• Work to complete: From the data that follows, set down exactly the lines from the one with "This post is" through the one with "SAVE YOUR BACK", counting both. Pictures stay out.

• Provided entries:
╔══

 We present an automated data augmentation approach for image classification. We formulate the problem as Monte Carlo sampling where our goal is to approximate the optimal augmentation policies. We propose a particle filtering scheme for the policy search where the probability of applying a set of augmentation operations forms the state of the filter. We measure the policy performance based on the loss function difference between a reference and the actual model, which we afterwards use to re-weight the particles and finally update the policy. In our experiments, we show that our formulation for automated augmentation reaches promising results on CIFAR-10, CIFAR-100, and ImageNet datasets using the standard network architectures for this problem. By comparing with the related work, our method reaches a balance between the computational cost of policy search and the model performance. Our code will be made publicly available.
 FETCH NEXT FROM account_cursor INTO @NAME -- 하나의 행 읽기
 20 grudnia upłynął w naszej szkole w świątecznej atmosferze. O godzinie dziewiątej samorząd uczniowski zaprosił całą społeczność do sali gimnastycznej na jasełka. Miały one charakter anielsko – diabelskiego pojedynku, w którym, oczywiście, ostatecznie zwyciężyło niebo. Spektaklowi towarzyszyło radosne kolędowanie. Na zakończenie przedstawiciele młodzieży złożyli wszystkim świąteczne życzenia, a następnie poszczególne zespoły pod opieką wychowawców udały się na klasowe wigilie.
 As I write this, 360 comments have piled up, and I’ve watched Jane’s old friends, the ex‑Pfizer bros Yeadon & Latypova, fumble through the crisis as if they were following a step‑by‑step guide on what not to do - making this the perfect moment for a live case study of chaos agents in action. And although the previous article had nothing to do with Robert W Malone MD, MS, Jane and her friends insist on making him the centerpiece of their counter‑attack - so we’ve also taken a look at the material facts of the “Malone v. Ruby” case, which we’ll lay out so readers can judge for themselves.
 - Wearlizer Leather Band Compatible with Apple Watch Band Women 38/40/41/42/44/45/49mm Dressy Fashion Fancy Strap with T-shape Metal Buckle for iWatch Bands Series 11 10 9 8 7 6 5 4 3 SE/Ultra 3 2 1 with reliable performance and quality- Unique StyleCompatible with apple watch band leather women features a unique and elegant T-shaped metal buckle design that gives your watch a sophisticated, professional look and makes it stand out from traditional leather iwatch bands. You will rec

╚══
╔══

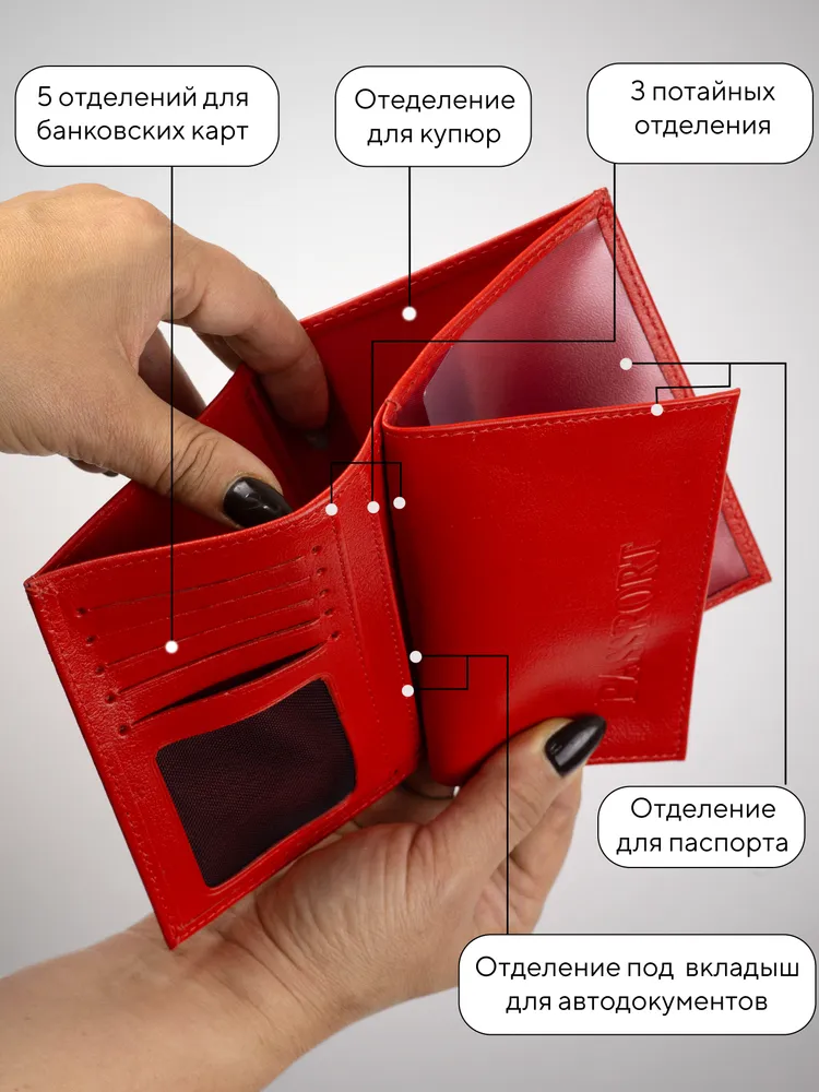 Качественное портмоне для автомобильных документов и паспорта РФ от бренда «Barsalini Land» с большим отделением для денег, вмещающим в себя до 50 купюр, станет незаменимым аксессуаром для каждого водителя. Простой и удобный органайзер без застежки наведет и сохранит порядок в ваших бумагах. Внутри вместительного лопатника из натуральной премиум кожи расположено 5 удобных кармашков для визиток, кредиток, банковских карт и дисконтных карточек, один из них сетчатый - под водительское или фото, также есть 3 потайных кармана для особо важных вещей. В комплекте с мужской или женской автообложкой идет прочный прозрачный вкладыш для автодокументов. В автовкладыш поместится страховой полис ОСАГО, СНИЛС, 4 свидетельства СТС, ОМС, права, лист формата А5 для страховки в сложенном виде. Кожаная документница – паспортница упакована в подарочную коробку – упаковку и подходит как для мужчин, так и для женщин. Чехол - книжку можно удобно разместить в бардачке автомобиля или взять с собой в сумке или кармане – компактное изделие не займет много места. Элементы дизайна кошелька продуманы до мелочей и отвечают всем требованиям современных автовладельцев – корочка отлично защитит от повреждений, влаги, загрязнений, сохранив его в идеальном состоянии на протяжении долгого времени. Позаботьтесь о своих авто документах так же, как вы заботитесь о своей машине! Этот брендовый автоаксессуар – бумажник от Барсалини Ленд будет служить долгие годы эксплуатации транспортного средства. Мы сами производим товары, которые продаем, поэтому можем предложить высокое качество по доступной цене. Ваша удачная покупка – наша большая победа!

╚══
╔══

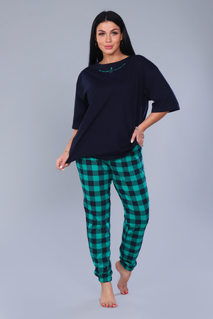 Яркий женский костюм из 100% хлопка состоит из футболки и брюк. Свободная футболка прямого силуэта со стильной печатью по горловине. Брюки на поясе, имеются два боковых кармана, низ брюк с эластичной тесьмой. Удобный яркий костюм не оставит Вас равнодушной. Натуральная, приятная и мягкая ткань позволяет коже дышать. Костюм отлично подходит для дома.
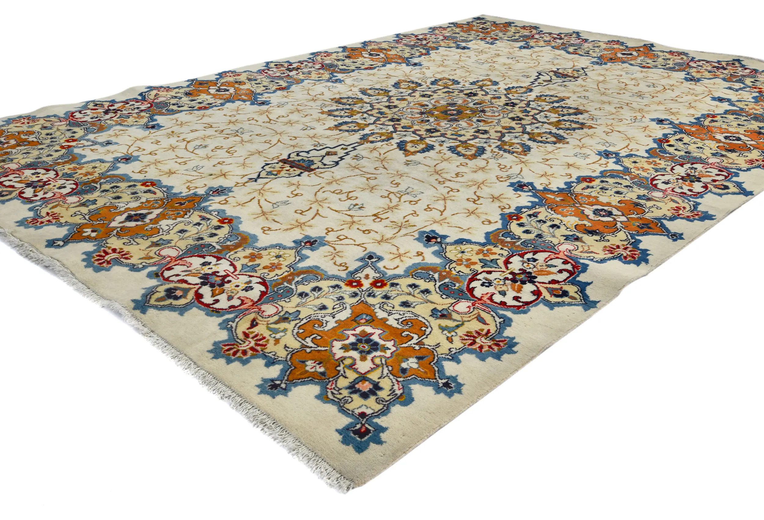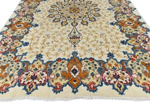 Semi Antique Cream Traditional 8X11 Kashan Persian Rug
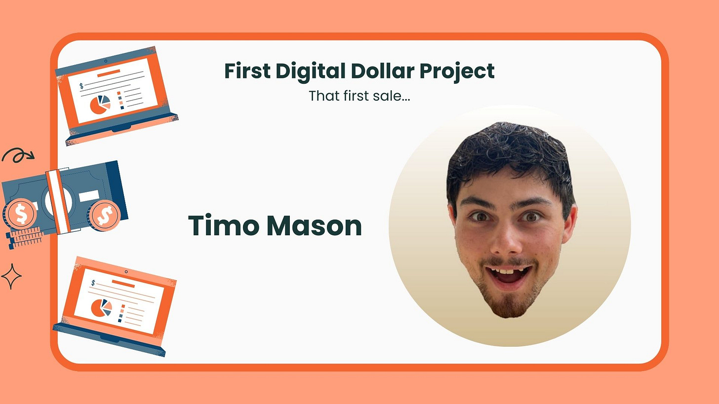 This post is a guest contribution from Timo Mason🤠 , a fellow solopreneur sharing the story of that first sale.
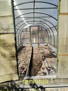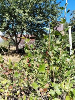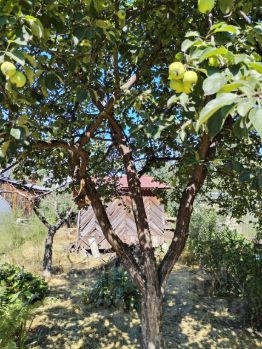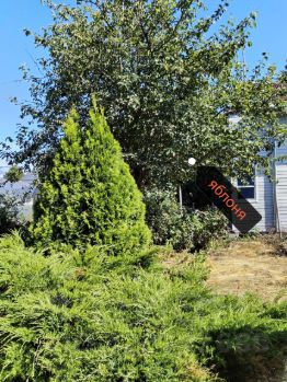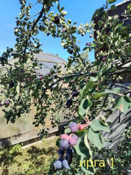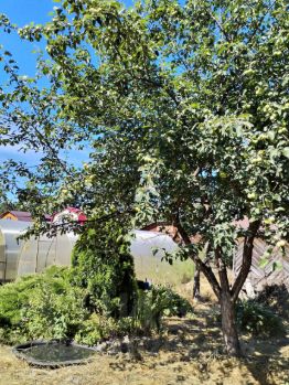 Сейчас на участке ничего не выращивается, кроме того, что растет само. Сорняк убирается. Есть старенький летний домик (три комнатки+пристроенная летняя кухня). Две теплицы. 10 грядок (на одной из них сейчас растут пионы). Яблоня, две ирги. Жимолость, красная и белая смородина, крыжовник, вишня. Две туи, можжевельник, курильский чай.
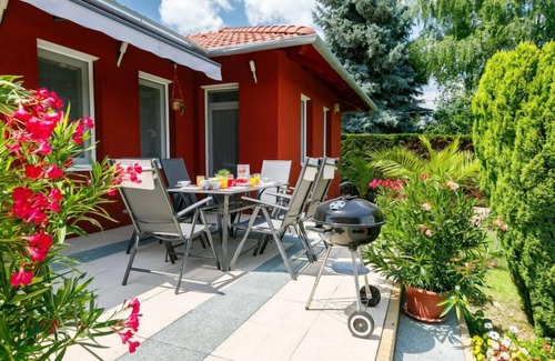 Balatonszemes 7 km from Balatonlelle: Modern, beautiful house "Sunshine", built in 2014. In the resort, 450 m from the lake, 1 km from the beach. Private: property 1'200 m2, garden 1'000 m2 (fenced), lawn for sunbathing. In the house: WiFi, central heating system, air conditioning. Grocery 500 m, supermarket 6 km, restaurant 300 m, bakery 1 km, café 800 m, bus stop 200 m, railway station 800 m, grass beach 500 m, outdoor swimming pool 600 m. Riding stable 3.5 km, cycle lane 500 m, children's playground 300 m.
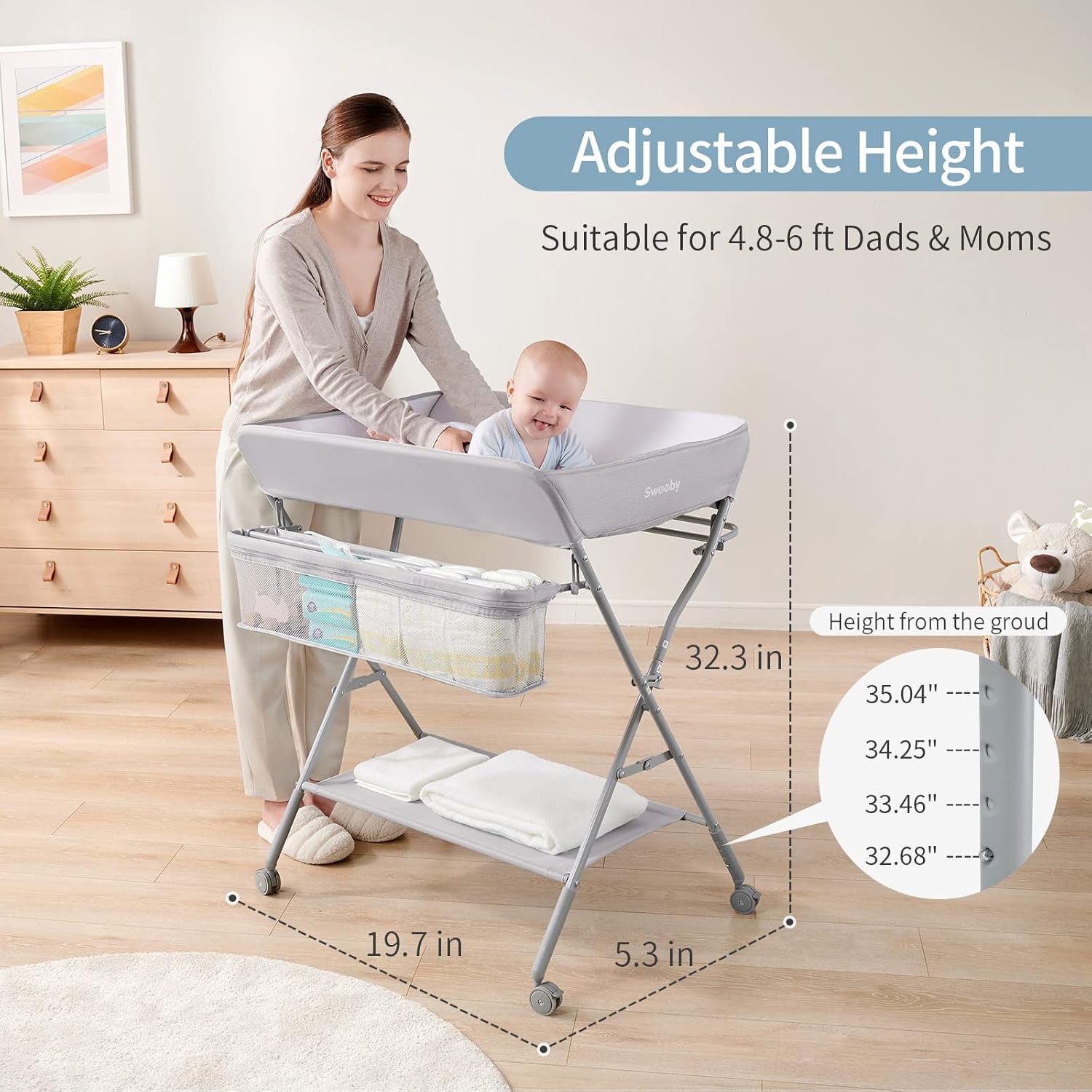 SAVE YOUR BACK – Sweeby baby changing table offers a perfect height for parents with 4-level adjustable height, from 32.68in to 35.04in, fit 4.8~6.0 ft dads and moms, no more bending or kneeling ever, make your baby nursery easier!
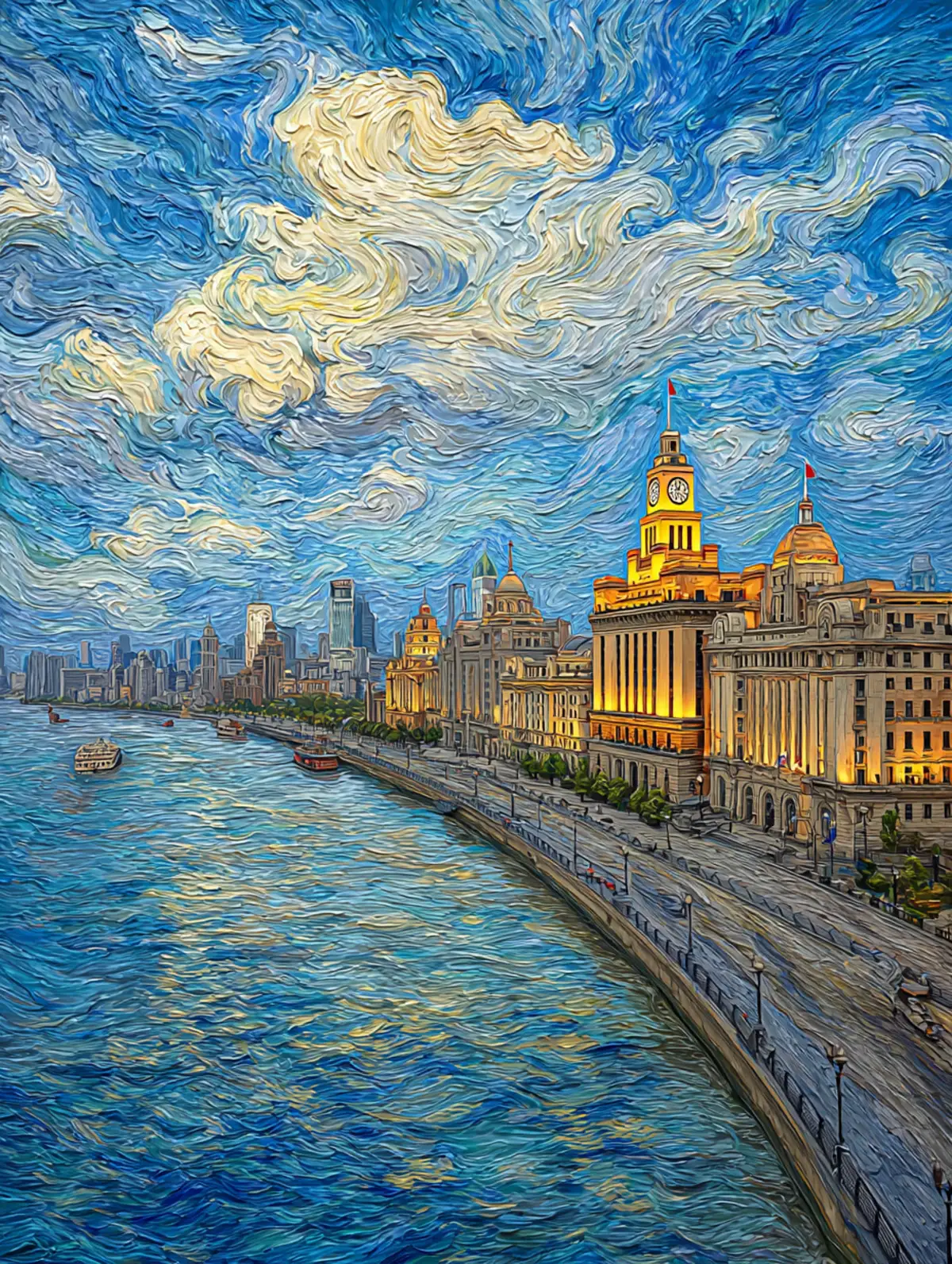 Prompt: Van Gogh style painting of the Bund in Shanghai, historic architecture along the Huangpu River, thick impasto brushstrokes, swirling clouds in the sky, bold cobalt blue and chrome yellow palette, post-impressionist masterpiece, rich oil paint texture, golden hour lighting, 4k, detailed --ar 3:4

╚══

• Output of the task:
 This post is a guest contribution from Timo Mason🤠 , a fellow solopreneur sharing the story of that first sale.
 Сейчас на участке ничего не выращивается, кроме того, что растет само. Сорняк убирается. Есть старенький летний домик (три комнатки+пристроенная летняя кухня). Две теплицы. 10 грядок (на одной из них сейчас растут пионы). Яблоня, две ирги. Жимолость, красная и белая смородина, крыжовник, вишня. Две туи, можжевельник, курильский чай.
 Balatonszemes 7 km from Balatonlelle: Modern, beautiful house "Sunshine", built in 2014. In the resort, 450 m from the lake, 1 km from the beach. Private: property 1'200 m2, garden 1'000 m2 (fenced), lawn for sunbathing. In the house: WiFi, central heating system, air conditioning. Grocery 500 m, supermarket 6 km, restaurant 300 m, bakery 1 km, café 800 m, bus stop 200 m, railway station 800 m, grass beach 500 m, outdoor swimming pool 600 m. Riding stable 3.5 km, cycle lane 500 m, children's playground 300 m.
 SAVE YOUR BACK – Sweeby baby changing table offers a perfect height for parents with 4-level adjustable height, from 32.68in to 35.04in, fit 4.8~6.0 ft dads and moms, no more bending or kneeling ever, make your baby nursery easier!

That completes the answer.